» TASK DIRECTIONS: Transcribe the listing below exactly, leaving out each image.

DATA SEGMENT section start

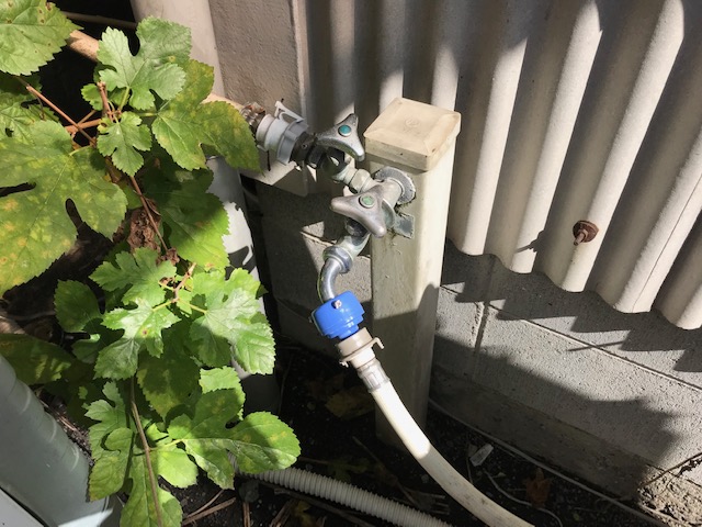 岡山市南区福富西のお客様から「蛇口を増設したい」とご依頼を頂きました。 先ずは現地へお伺いして状況の確認です。 確認してみると倉庫外側にあった2口の洗濯機用矢口を増やしたいという依頼でした。 増設するために設置してある蛇
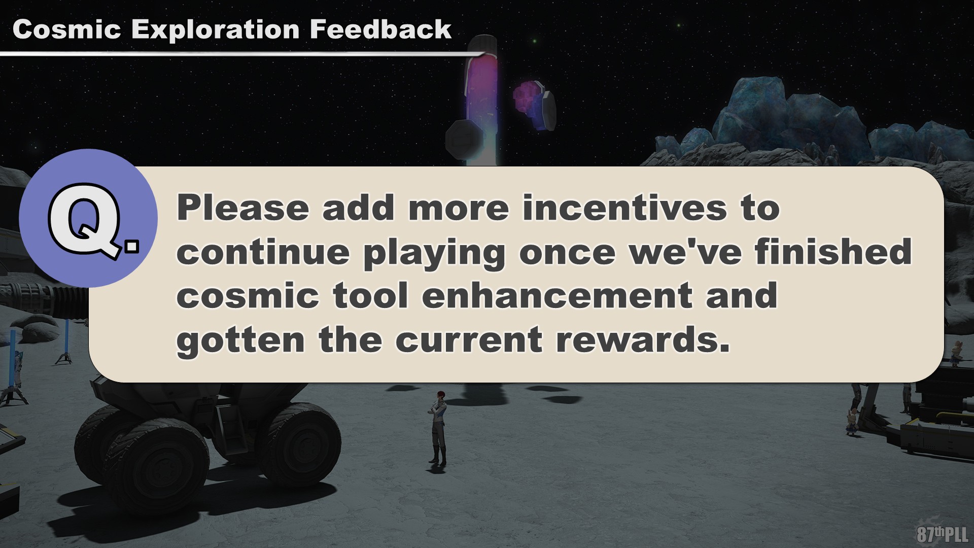To address this, we're creating additional rewards and new methods of obtaining them; their specifications have mostly been defined and should be ready by the next stage of Cosmic Exploration. We'll also be referencing your feedback when we consider what sort of rewards to add.
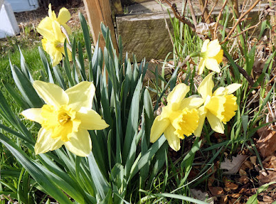 Our overnight rain storm didn't seem to damage the daffs. I think we had small hail but it didn't last for long.
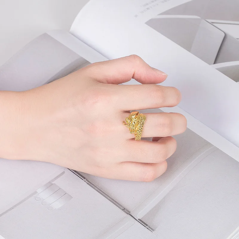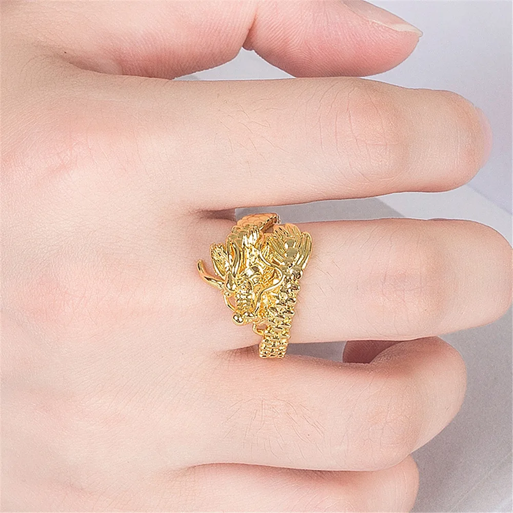 Feel like royalty every time you slip it on, knowing it's crafted with extra care and designed exclusively for mavens who know the power of a little bling. The perfect gift edition for men who are out to slay. Pair it with your slickest gear and let this statement piece speak for itself whether standing as your go-to wedding ring or bringing some extra flair to weekend fits. The Gold Dragon Head Punk Ring isn't just about style; it's the vibe you've been missing in your accessory lineup. Brace yourself for the compliments – they're about to pour in!

DATA SEGMENT section end

» SOLUTION FOR THIS EXERCISE:
 岡山市南区福富西のお客様から「蛇口を増設したい」とご依頼を頂きました。 先ずは現地へお伺いして状況の確認です。 確認してみると倉庫外側にあった2口の洗濯機用矢口を増やしたいという依頼でした。 増設するために設置してある蛇
To address this, we're creating additional rewards and new methods of obtaining them; their specifications have mostly been defined and should be ready by the next stage of Cosmic Exploration. We'll also be referencing your feedback when we consider what sort of rewards to add.
 Our overnight rain storm didn't seem to damage the daffs. I think we had small hail but it didn't last for long.
 Feel like royalty every time you slip it on, knowing it's crafted with extra care and designed exclusively for mavens who know the power of a little bling. The perfect gift edition for men who are out to slay. Pair it with your slickest gear and let this statement piece speak for itself whether standing as your go-to wedding ring or bringing some extra flair to weekend fits. The Gold Dragon Head Punk Ring isn't just about style; it's the vibe you've been missing in your accessory lineup. Brace yourself for the compliments – they're about to pour in!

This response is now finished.